Prophylaxis of thromboembolism is now well established in orthopaedic outpatients with plaster cast and after elective hip surgery. The present study was undertaken to evaluate the safety of out-of-hospital prevention of venous thromboembolism and to determine the incidence of thromboembolic complications in orthopaedic and surgical patients with or without surgical intervention on an out-patient basis during prophylaxis of thromboembolism with low-molecular-weight heparin and to study the feasibility of this treatment regimen. The treatment period was 1-4 weeks (mean 17 days). Main indications for prophylaxis of thromboembolism were arthroscopy and surgical or non-surgical intervention of bone fractures of the lower leg. The incidence of clinically diagnosed venous thromboembolism was 11/1604 (0.7%) in operated and 8/1017 (0.8%) in non-operated patients. Pulmonary embolism occurred twice in operated patients (0.1%) and in none of the non-operated patients.
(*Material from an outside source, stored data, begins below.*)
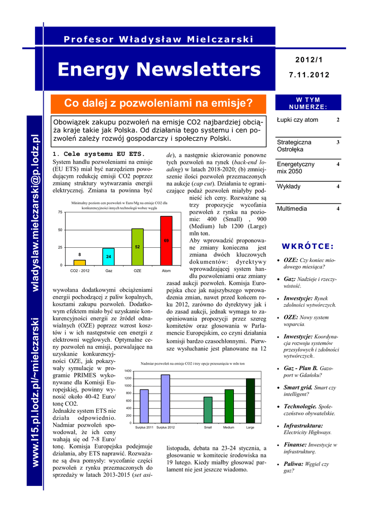 www.I15.pl.lodz.pl/~mielczarski [email protected] Profesor Władysław Mielczarski 2012/1 Energy Newsletters 7.11.2012 Co dalej z pozwoleniami na emisje? W TYM NUMERZE: Obowiązek zakupu pozwoleń na emisje CO2 najbardziej obciąża kraje takie jak Polska. Od działania tego systemu i cen pozwoleń zależy rozwój gospodarczy i społeczny Polski. 1. Cele systemu EU ETS. System handlu pozwoleniami na emisje (EU ETS) miał być narzędziem powodującym redukcję emisji CO2 poprzez zmianę struktury wytwarzania energii elektrycznej. Zmiana ta powinna być de), a następnie skierowanie ponowne tych pozwoleń na rynek (back-end loading) w latach 2018-2020; (b) zmniejszenie ilości pozwoleń przeznaczonych na aukcje (cap cut). Działania te ograniczające podaż pozwoleń miałyby podnieść ich ceny. Rozważane są Minimalny poziom cen pozwoleń w Euro/Mg na emisje CO2 dla trzy propozycje wycofania konkurencyjności innych technologii wobec węgla 75 pozwoleń z rynku na poziomie: 400 (Small) , 900 (Medium) lub 1200 (Large) 50 mln ton. 69 Aby wprowadzić proponowa52 25 ne zmiany konieczna jest 8 zmiana dwóch kluczowych 24 dokumentów: dyrekt ywy 0 wprowadzającej system hanCO2 - 2012 Gaz OZE Atom dlu pozwoleniami oraz zmiany zasad aukcji pozwoleń. Komisja Eurowywołana dodatkowymi obciążeniami pejska chce jak najszybszego wprowaenergii pochodzącej z paliw kopalnych, dzenia zmian, nawet przed końcem rokosztami zakupu pozwoleń. Dodatkoku 2012, zarówno do dyrektywy jak i wym efektem miało być uzyskanie kondo zasad aukcji, jednak wymaga to zakurencyjności energii ze źródeł odnaopiniowania propozycji przez szereg wialnych (OZE) poprzez wzrost koszkomitetów oraz głosowania w Parlatów i w ich następstwie cen energii z mencie Europejskim, co czyni działania elektrowni węglowych. Optymalne cekomisji bardzo czasochłonnymi. Pierwny pozwoleń na emisji, pozwalające na sze wysłuchanie jest planowane na 12 uzyskanie konkurencyjności OZE, jak pokazyNadmiar pozwoleń na emisje CO2 i trzy opcje przesunięcia w mln ton wały symulacje w pro- 1400 gramie PRIMES wyko- 1200 nywane dla Komisji Eu- 1000 ropejskiej, powinny wy800 nosić około 40-42 Euro/ 600 tonę CO2. 400 Jednakże system ETS nie 200 działa odpowiednio. 0 Nadmiar pozwoleń spoSurplus 2011 Surplus 2012 Small Medium Large wodował, że ich ceny wahają się od 7-8 Euro/ tonę. Komisja Europejska podejmuje listopada, debata na 23-24 stycznia, a działania, aby ETS naprawić. Rozważagłosowanie w komitecie środowiska na ne są dwa pomysły: wycofanie części 19 lutego. Kiedy miałby głosować parpozwoleń z rynku przeznaczonych do lament nie jest jeszcze wiadomo. sprzedaży w latach 2013-2015 (set asi- Łupki czy atom 2 Strategiczna Ostrołęka 3 Energetyczny mix 2050 4 Wykłady 4 Multimedia 4 WKRÓTCE: OZE: Czy koniec miodowego miesiąca? Gaz: Nadzieje i rzeczywistość. Inwestycje: Rynek zdolności wytwórczych. OZE: Nowy system wsparcia. Inwestycje: Koordynacja rozwoju systemów przesyłowych i zdolności wytwórczych.. Gaz - Plan B. Gazoport w Gdańsku? Smart grid. Smart czy intelligent? Technologie. Społeczeństwo obywatelskie. Infrastruktura: Electricity Highways. Finanse: Inwestycje w infrastrukturę. Paliwa: Węgiel czy gaz? STR. 2 Energy Newsl etters 2012/1 Pozwolenia na emisje CO2 i ich oddziaływanie www.I15.pl.lodz.pl/~mielczarski [email protected] 2. Kto za, kto przeciw. Kraje jakie poprą prawdopodobnie propozycję to Wielka Brytania, Dania, Francja. Nieznana jest opinia Niemiec, Austrii i Holandii. Polska i Słowacja są otwarcie przeciwni pomysłom Komisji Europejskiej. Liczba głosów krajów członkowskich France, Germany, Italy, the UK Spain, Poland Romania The Netherlands Belgium, Czech Republic, Greece, Hungary, Portugal Austria, Bulgaria, Sweden Dennmark, Ireland, Lithuania, Slovakia, Finland Estonia, Cyprus, Latvia, Luxemburg, Slovakia Malta Razem 29 27 14 13 12 10 7 4 3 345 Poparcie dla zmian w systemie EU ETS zawsze wyrażali zwolennicy energii odnawialnej mając nadzieję, że wysokie ceny energii z paliw kopalnych uczynią energię z OZE konkurencyjną. Ostatnio obserwuje się również poparcie wyrażane przez firmy dostarczające gaz. Znaczne ilości zakontraktowego gazu oraz jego wysokie ceny powodują, że firmy te zaczynają ponosić straty. Ratunkiem może być zwiększenie zużycia gazu przez energetykę. Jednak przy obecnych cenach produkcja energii elektrycznej z gazu nie jest konkurencyjna dla elektrowni węglowych. Dlatego europejskie firmy gazowe są zainteresowane podniesieniem cen pozwoleń na emisje CO2 do poziomu 30-40 Euro/Mg. Zmiany do systemu handlu emisjami będą wprowadzone w oparciu o Traktat Lizboński czyli wg zasady kwalifikowanej większości. Polska nie ma możliwości zablokowania zmian. 3. Ceny pozwoleń i gospodarka W roku 2013 nie należy spodziewać się wzrostu cen pozwoleń. Wkrótce na rynku pojawi się dodatkowo około 250 mln ton pozwoleń z fazy drugiej. Tak duża liczba pozwoleń przy malejącym zapotrzebowaniu na energię na skutek kryzysu ekonomicznego może spowodować nawet dalszy spadek cen. Ograniczenie sprzedaży pozwoleń w latach 2013-2015 i ponowne skierowanie ich na rynek w okresie późniejszym (back loading) tylko w małym stopniu i okresowo może podnieść ceny. Trwała i znaczna pożywka cen może być osiągnięta tylko poprzez znaczne ograniczenie liczby pozwoleń (Deep cap cut), co jest bardzo trudne. Dla Polski podniesienie cen pozwoleń na emisje oznaczałoby znaczne zwiększenie kosztów energii elektrycznej. Przy cenie 40 Euro/Mg koszty zakupu pozwoleń praktycznie równają się wartości całej energii sprzedaCeny pozwoleń w Euro/Mg 36 No action Back loading Deep cap cut 27 18 9 0 2008 2009 2010 2011 2012 2013 2014 2015 2016 2017 2018 2019 2020 wanej do odbiorców końcowych. Tak duże obciążenie gospodarki może skończyć się tylko głęboką recesją. Łupki czy atom? Trzeba się zdecydować. Dyskusja w Sejmie (24.10.12) da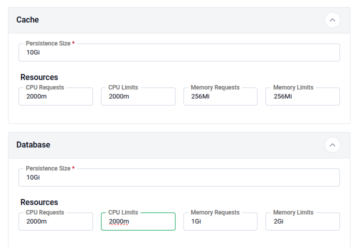 This secton is for Persistence & Resource Allocation. Properly sizing your resources is critical for production stability. Configure CPU Requests, CPU Limits, Memory Request and Memory Limit for both cache and Database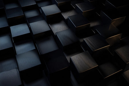 A precise arrangement of stacked geometric cubes crafted from carbon fiber, featuring glowing golden edges, creating a structured and futuristic visual formation.
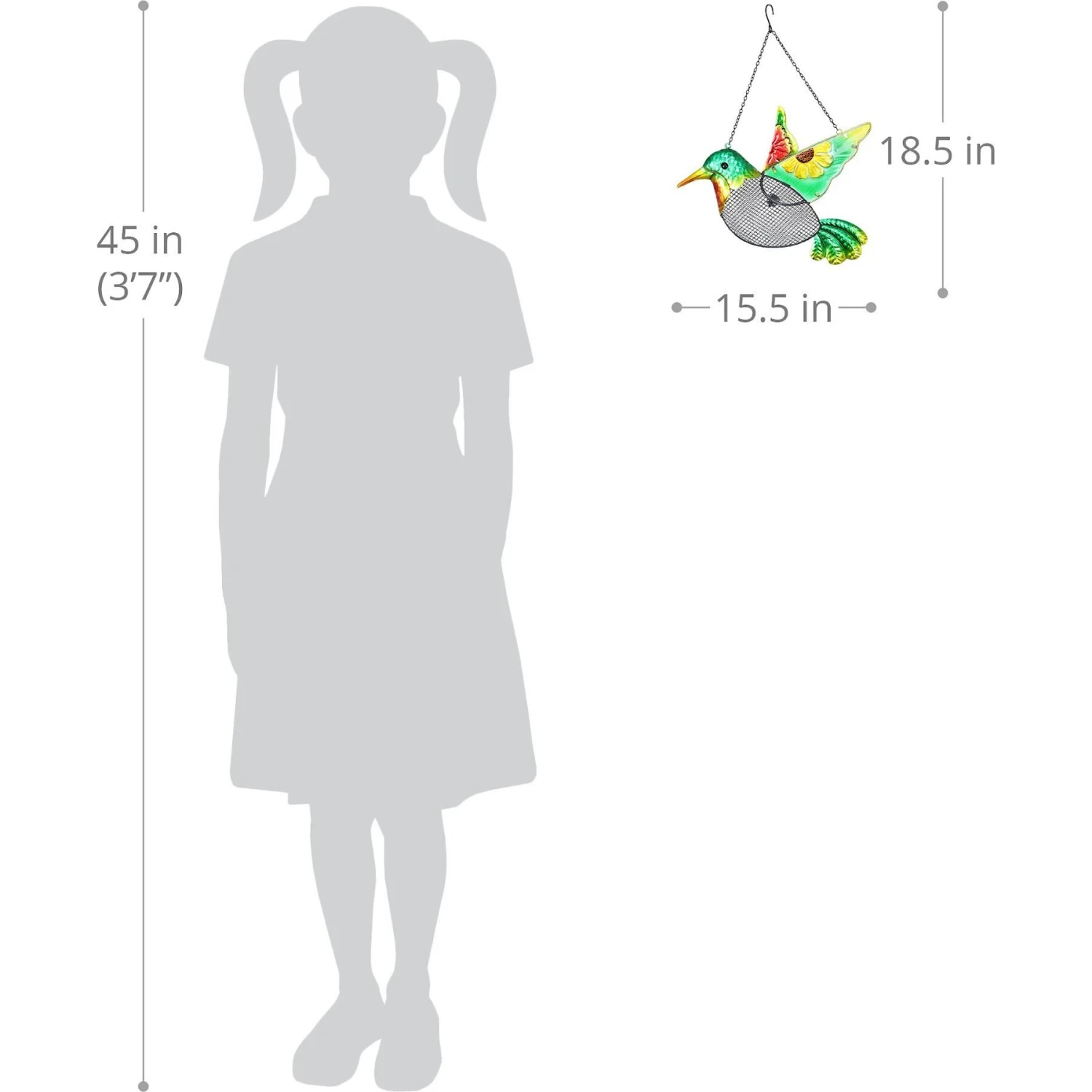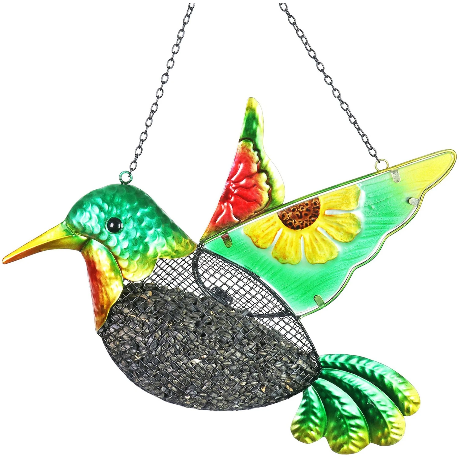 Turn your outdoor space into a welcoming spot your feathered friends will flock to with the Exhart Hummingbird Bird Feeder with Metal Mesh Seed Basket. This beautiful, hanging, hummingbird-shaped bird feeder is crafted from durable metal, colorfully hand-painted with metallic paint, and UV treated to resist fading. Plus it’s easy to install, the chain easily attaches to your patio, awning, tree branch or shepherd’s hook. The convenient metal mesh basket holds visible birdseed – inviting birds to come enjoy a meal in your garden!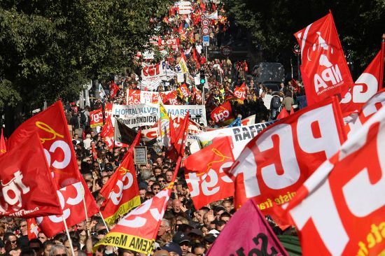 在薩科奇的親自推動(dòng)下,法國(guó)這一輪的退休制度改革搞得如火如荼,總理菲永領(lǐng)導(dǎo)下的內(nèi)閣所提出的改革方案中最重要的內(nèi)容,已經(jīng)在9月份獲得法國(guó)國(guó)民議會(huì)(眾議院)通過(guò),參議院也已經(jīng)在本月8日通過(guò)了提高退休年齡的法案,其余部分將在今日進(jìn)行最后表決。法國(guó)工會(huì)和學(xué)生發(fā)起聲勢(shì)浩大的全國(guó)性罷工和示威,就是想趕著表決之前,盡最大的努力加以阻止,就像1995年的那次致使全國(guó)交通運(yùn)輸系統(tǒng)癱瘓的大罷工,最終迫使希拉克政府不得不取消了養(yǎng)老金改革。

Minor bleeding complications were rare and major bleeding complications did not occur. Haematomas at the injection site occurred in only 4% of patients. Thrombocytopenia did not occur in any patient. The present study demonstrates the feasibility and safety to prophylaxis of thromboembolism with low-molecular-weight heparin in orthopaedic operated and non-operated out-patients with various orthopaedic or surgical diseases leading to immobilization. The incidence of clinically apparent thromboembolic complications is low and similar to medical bedridden inpatients.

摘要

目前,在接受石膏固定的骨科门诊患者以及择期髋关节手术后,血栓栓塞的预防措施已得到充分确立。本研究旨在评估院外预防静脉血栓栓塞的安全性,确定在使用低分子量肝素预防血栓栓塞期间,接受或未接受手术干预的骨科和外科门诊患者血栓栓塞并发症的发生率,并研究该治疗方案的可行性。治疗期为1 - 4周(平均17天)。血栓栓塞预防的主要适应症为关节镜检查以及小腿骨折的手术或非手术干预。手术患者中临床诊断为静脉血栓栓塞的发生率为11/1604(0.7%),非手术患者为8/1017(0.8%)。手术患者中有2例发生肺栓塞(0.1%),非手术患者中无肺栓塞发生。轻微出血并发症罕见,未发生严重出血并发症。仅4%的患者在注射部位出现血肿。无患者发生血小板减少症。本研究表明,对于因各种骨科或外科疾病导致制动的接受手术和未接受手术的骨科门诊患者,使用低分子量肝素预防血栓栓塞是可行且安全的。明显的血栓栓塞并发症发生率较低,与卧床的内科住院患者相似。